There are socks all over the house. I watch sitcoms during which fat nondescript housewife follows fat nondescript blue collar male around the house bitching about how he does not pick up his towels, socks, whatever, he further does not put the toilet seat down. I have no memory of my skinny accented mother following my hard working, albeit overweight, white collar father around the house asking him to pick up or do anything. I am sure she’d squat over a cold, seat raised porcelain god before disturbing the state it was in to ensure my father would not be bothered. In fact, she often would be in the middle of dinner clean up, homework, kids, washing the ashtray, and bringing him tea and pistachios when he’d ask for a glass of water. She’d bring that glass of water and then the vacuum to clean up the stray inner shell of the pistachios.
I digress.
My husband J’s athletic socks all over the house. L is a mouse. He pesters his brothers to be rats or cats or anything so they can play with him. It is a club. When they lose a tail, they get another one. And another one. And another one. The discarded tails are in the kitchen, bathroom, toilet, front door, garage, several in the car, front door, on their scooters, on the steps, in the bathtub. He is becoming a mouse. He crawls around. His imagination is wild. He talks non-stop. We had a play date today with a cool kid and his cool mom and she literally asked if he ever shuts up. Seeing as how she too has a four year old and happens to be a teacher, it is an interesting observation indeed.
Should I love this imagination of his? Should I embrace it? He keeps asking me if I could just like the tails. Could I just maybe wear one with him all day and be a mouse too? I do sometimes because it just makes him too happy. But now he is asking the guests if they’d like a tail. Not a cold drink on a Pomona summer day. A tail. I think it would be fun to wear one to a NAWBO meeting. “Hi there CEO of X. Yes, I am the managing partner of a law firm and yes I have a tail on my gargantuan ass. How are you?”

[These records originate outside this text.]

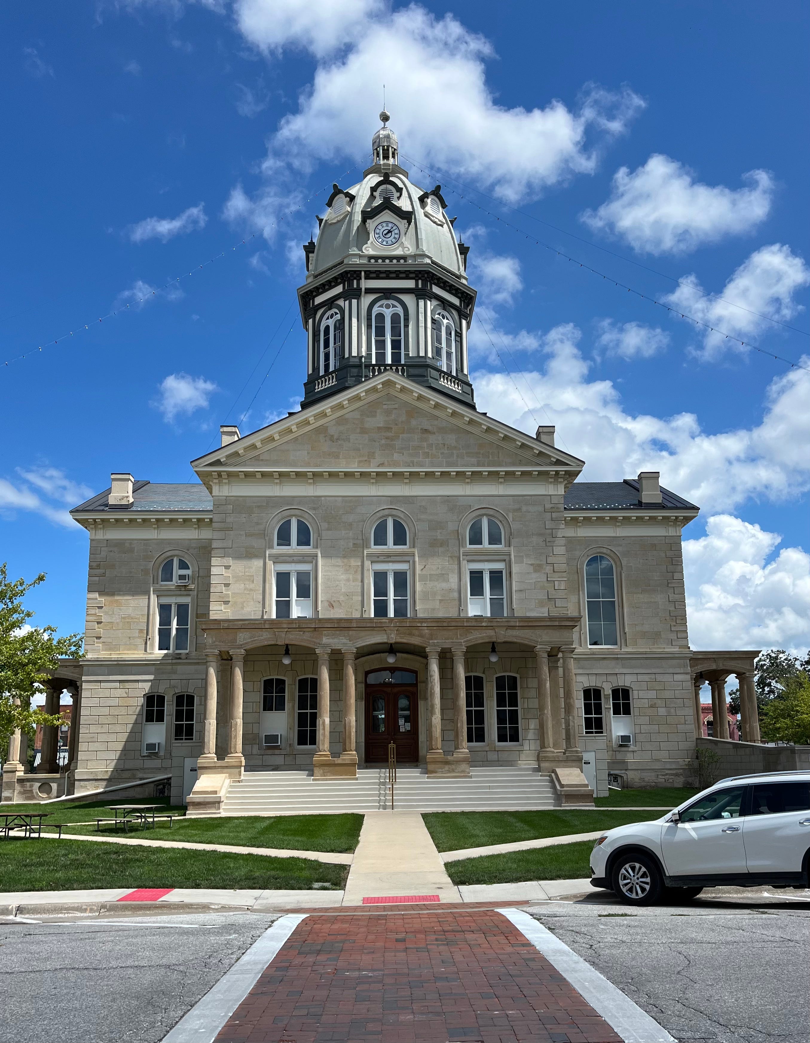 I had some quality time in Winterset this weekend with other members of the Iowa Writers’ Collaborative. If you haven’t been there for a while (or ever), it’s worth a visit. The Madison County courthouse is gorgeous:
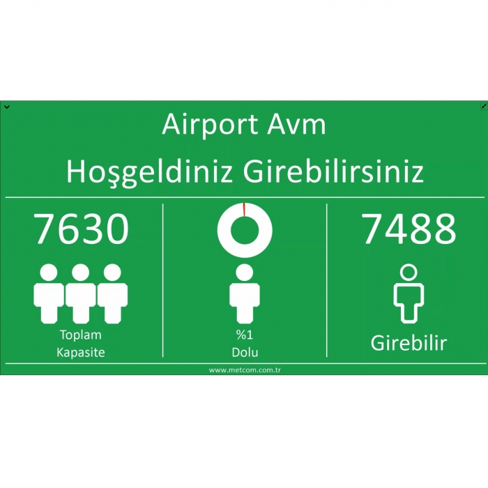 – İçerideki yoğunluk hakkında bilgi verir ve kapasite dolduğunda giriş noktasında uyarı ekranı oluşturur. Sesli ve görsel uyarı verir.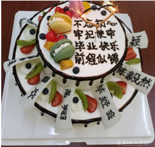 会议现场,一个下层摆有9位毕业生党员姓名,上层写有“不忘初心,牢记使命,毕业快乐,前程似锦”话语的蛋糕格外引人注目。高坤介绍道,“九个名字代表着大家曾经在同一集体努力奋斗过;上层的话语则表达了支部对毕业生党员们的美好祝愿。”高坤为全体毕业生党员们切分蛋糕,并勉励大家在踏上新的学习和工作岗位后,要勇于担责,时刻不忘党员身份,用奋斗书写青春最美的华章。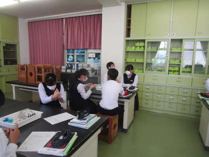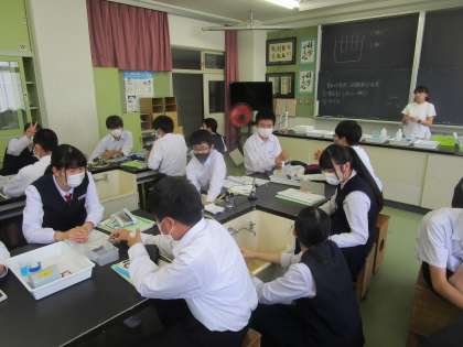 3年2組 理科 公開日 2023/06/12 更新日 2023/06/12 3学年 6月12日(月)4限 3年2組の理科は、理科室でダニエル電池の実験をしていました。実験のやり方を聞きながらグループで進めていました。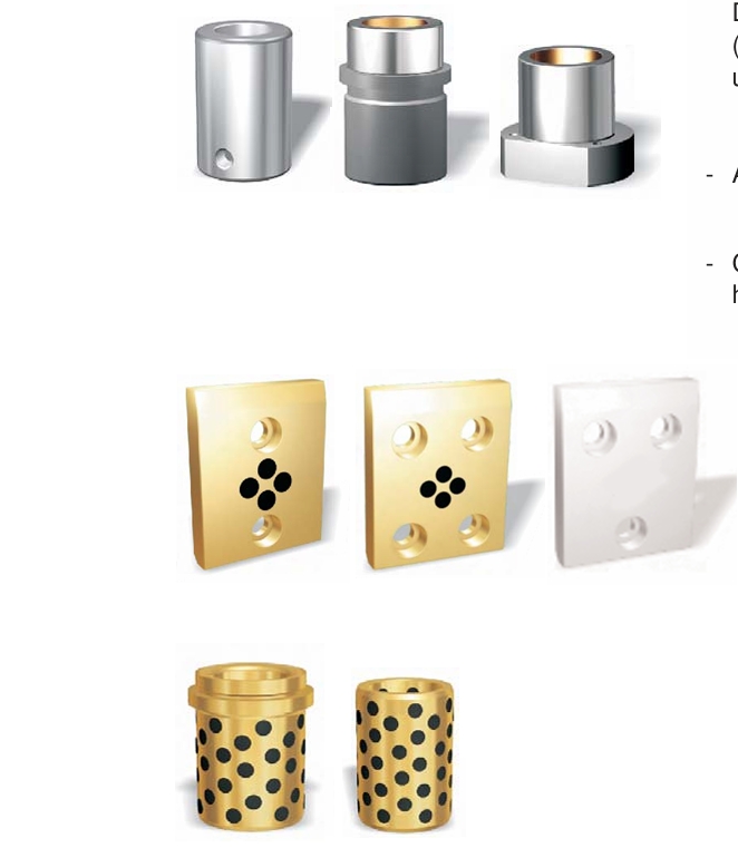 可作為安裝在模具中的完整組裝單元,支柱被固定以防止脫落,導軌免維護 / 自潤滑。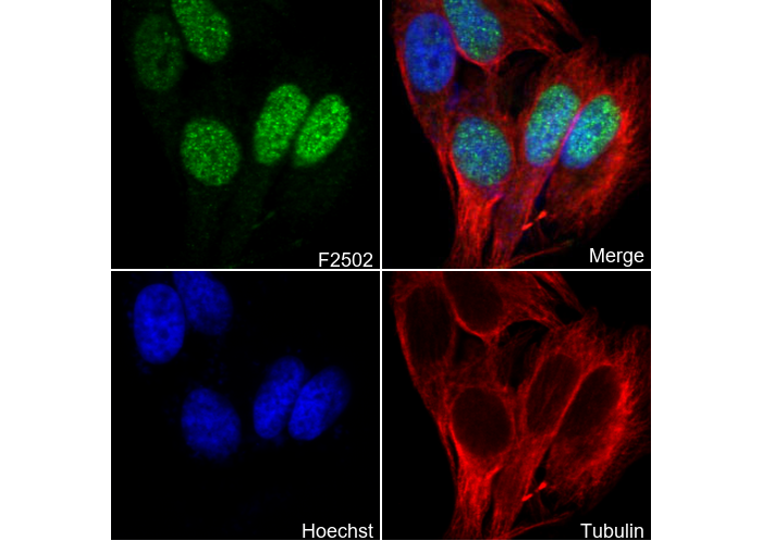 • Immunofluorescent analysis of Hela cells using F2502 (green, 1:100), Hoechst (blue) and tubulin (Red).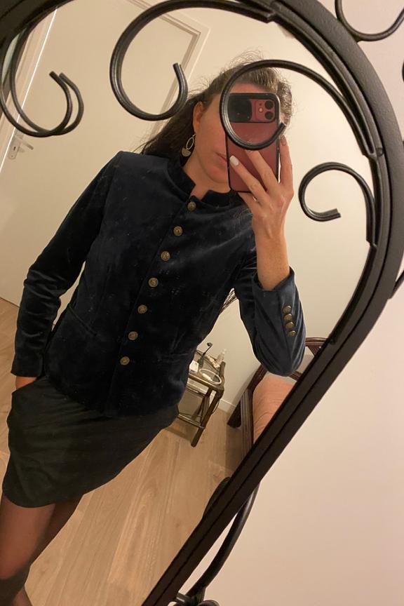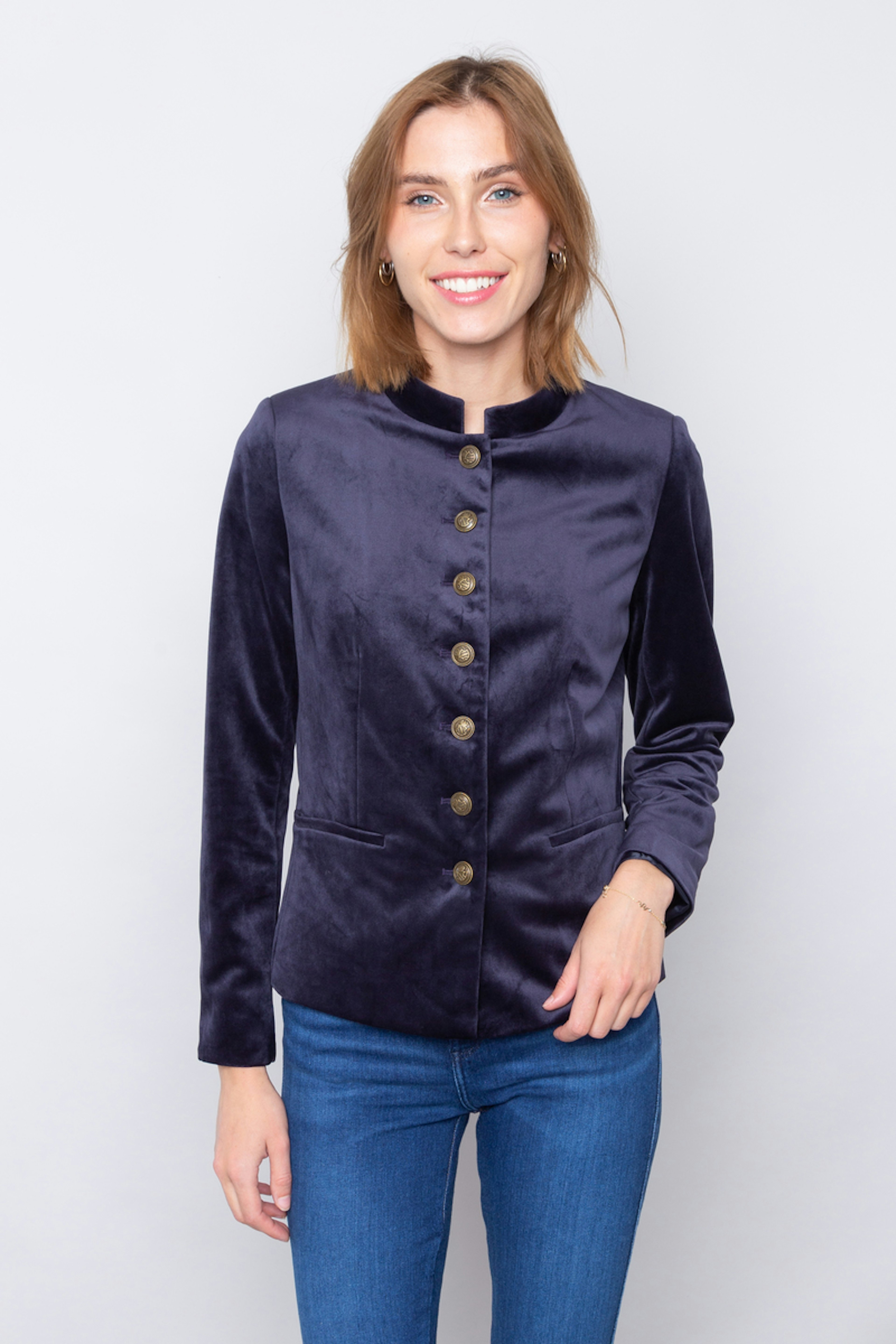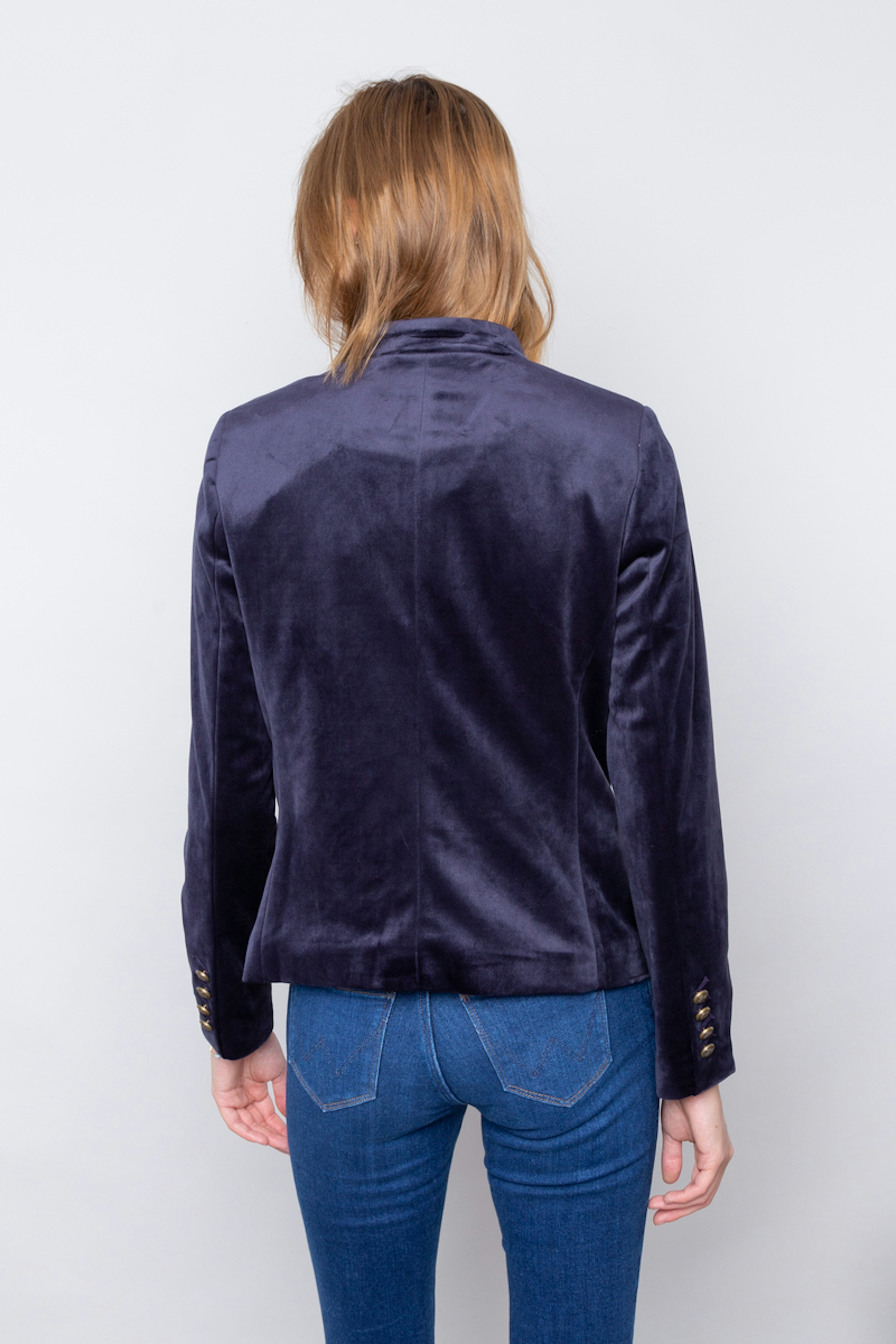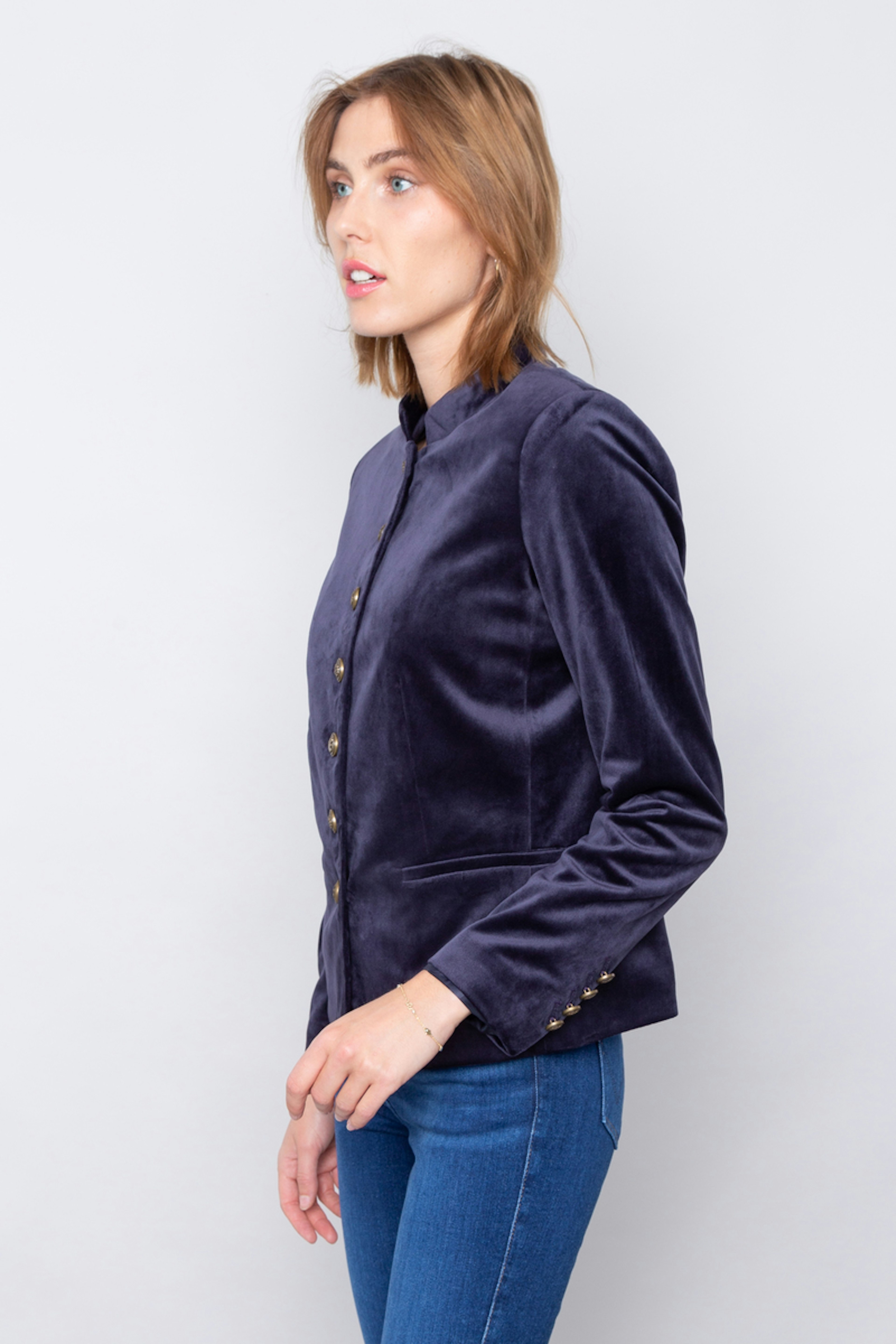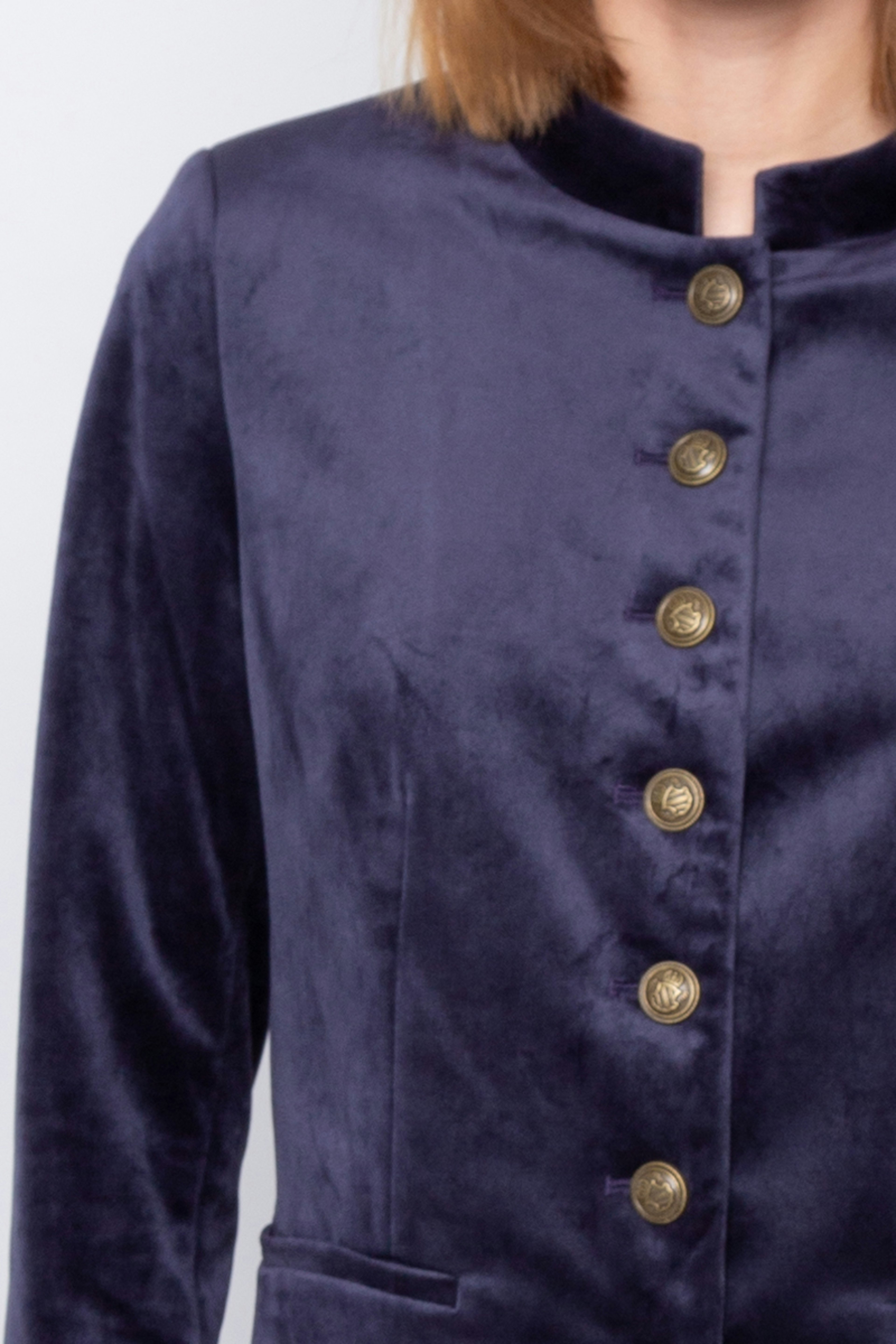 โข Veste en velours bleu lisse โข Col montant โข Fermeture avec boutons martelรฉs โข Poches latรฉrales

One morning we were walking into school. He forgot to take off his tail when he got out of the car. This is the only time he takes it off and he never forgets to do so. He sleeps with it, he puts it aside when he goes to the restroom (now that he lost one down the toilet.) But, he voluntarily amputates his tail before going to school which I find fascinating…I have never had to tell him to do it. Does he know other kids would tell him that it’s not a tail at all? And so, another Mom sort of chuckles and says, “don’t you hate when the clothes stick together in the dryer. L you have a sock stuck to your shorts.” {{I chuckled too…like I would wash J’s filthy socks with L clothes.}}
L glares and says: “That’s NOT a sock, it’s a TAIL.”
Too funny!
ReplyDeleteLeverage. Anything they love can be used against them by parents if necessary. " Turn off the T.V. or I will shred the socks." "You can have the tail back when you finish your dinner." "I'll give you back your tail when you learn how to wipe your own butt." Perfect!
I love it... in the great words of L, "you're on my nerves!!!!!!"